Clockwise

Clockwise (2021) is a generative and experimental audiovisual piece that explores the concept of space-time, Zeno's paradoxes related to the infinite subdivision of the units of measurement of space and time (dichotomy and arrow paradoxes), and their experimental abstract audiovisual representations. Clockwise started during an experimental studio session with composer/producer Daniele Carmosino and composer/pianist Mark Aanderud. During the session they modified the piano adding a layer of tissue paper between the piano hammers and the cords, creating a beautiful percussive crispy sound that inspired a very rhythmic improvisation by Mark. That was the base on which Daniele created the rest of the track, recording an opera singer and live horns and manipulating the sounds through analogue gear.

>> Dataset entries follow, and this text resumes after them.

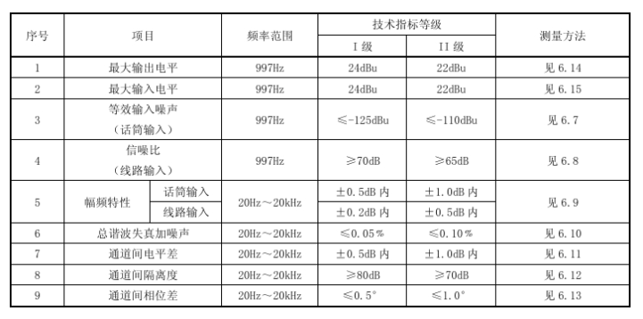 圖1所示為標準中規(guī)定的模擬輸入-模擬輸出接口的全部測試指標以及指標要求,包括:最大輸出電平、最大輸入電平、等效輸入噪聲(話筒輸入)、信噪比(線路輸入)、幅頻特性、總諧波失真加噪聲、通道間電平差、通道間隔離度以及通道間相位差。下文將主要介紹如何使用音頻分析儀測試信噪比、幅頻特性以及總諧波失真加噪聲。
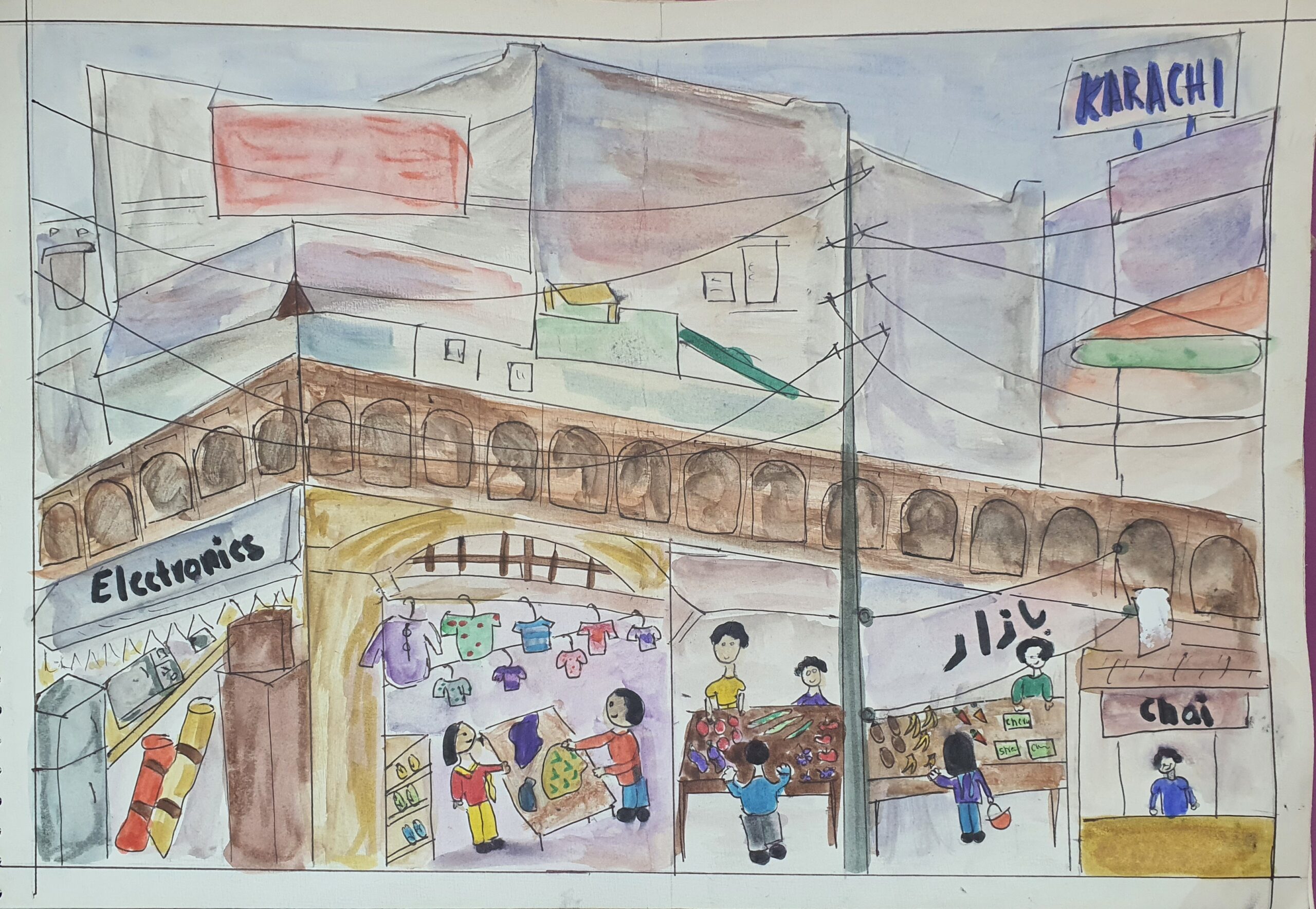 As I chose the category of 2D painting I first drew my sketch on how I wanted it to look as I already had a picture in mind but I did not know how it would look on paper. I did make some changes and when I happy with the result I traced it all with a pen and then used watercolors to give color to my drawing. My art work explains the markets or bazaars of Karachi how they look and what they show. I wanted to give my art the reality of an actual bazaar and all rush and excitement it has.
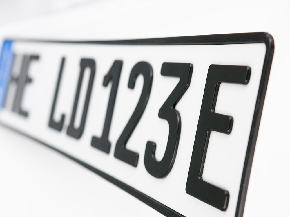 Ein umweltfreundliches Kennzeichen für ein umweltfreundliches Fahrzeug: Das 3D E-Kennzeichen. Unser innovatives E-Kennzeichen aus Performance starkem Kunststoff ist flexibel, robust und leicht zu montieren, selbst ohne einen speziellen Kennzeichenhalter.
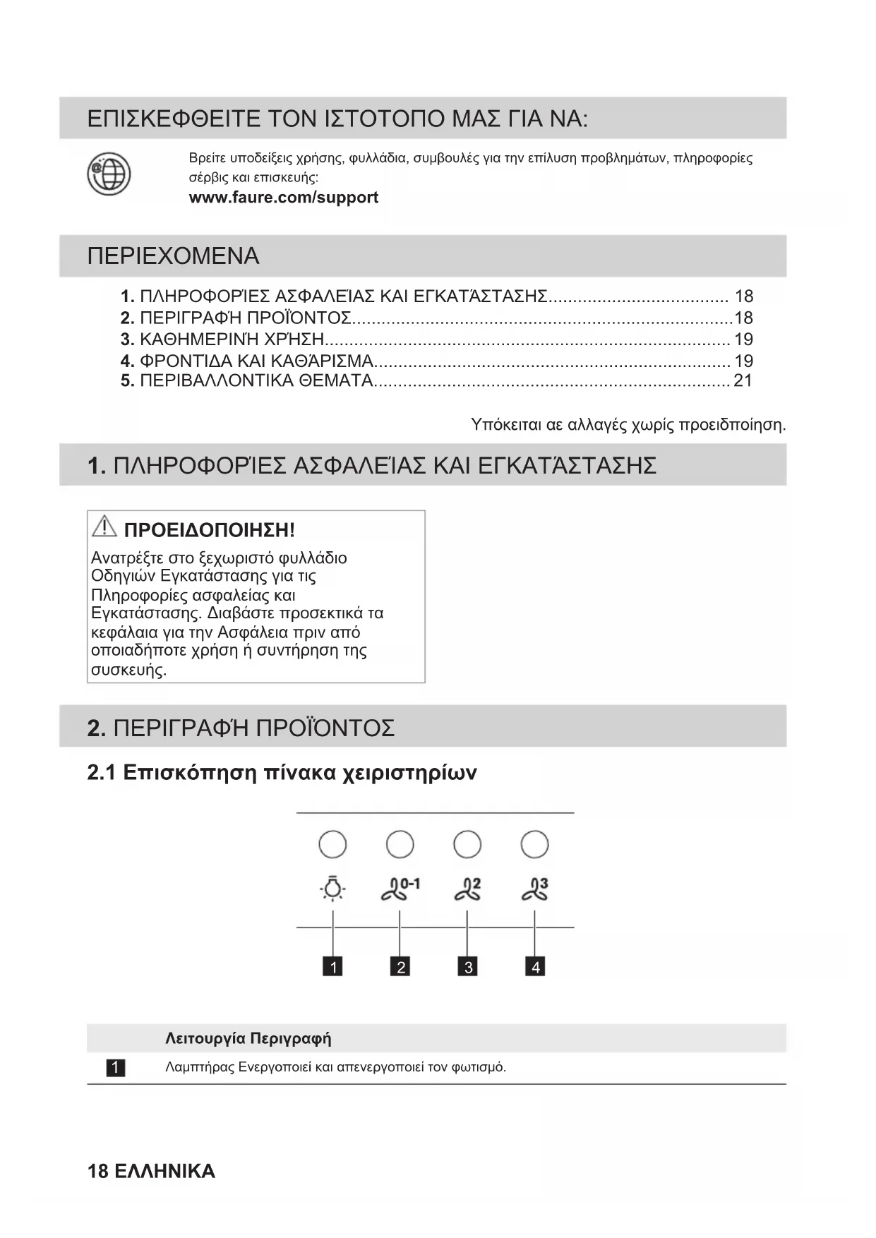 ΠΡΟΕΙΔΟΠΟΙΗΣΗ! Ανατρέξτε στο ξεχωριστό φυλλάδιο Οδηγιών Εγκατάστασης για τις Πληροφορίες ασφαλείας και Εγκατάστασης. Διαβάστε προσεκτικά τα κεφάλαια για την Ασφάλεια πριν από οποιαδήποτε χρήση ή συντήρηση της

The track was then mixed and mastered by Juan Ribes at Ribes Mastering. Later the Clockwise visuals were generated through creative programming by the experimental animator Toni Mitjanit (AKA Spaghetti Coder) with the use of different algorithms of recursive subdivision of polygons, motion graphics techniques, computational complexity and randomness, audio-reactivity based on the analysis of the fast Fourier transform (FFT), and a touch of human-machine interaction. Different geometric patterns emerge chaotically in the audiovisual piece as they are recursively decomposed and subdivided using randomness, noise and data extracted from the audio to determine the polygonal subdivision technique to apply, the color palette to use, 3d transformation properties (position, scale and rotation) and many other visual aspects. In the visual design Toni Mitjanit was inspired by the mosaics of the pop artist Eduardo Paolozzi and the tapestries of Gunta Stölzl and the Bauhaus school, but applying a very close approach to pixel art and visual music.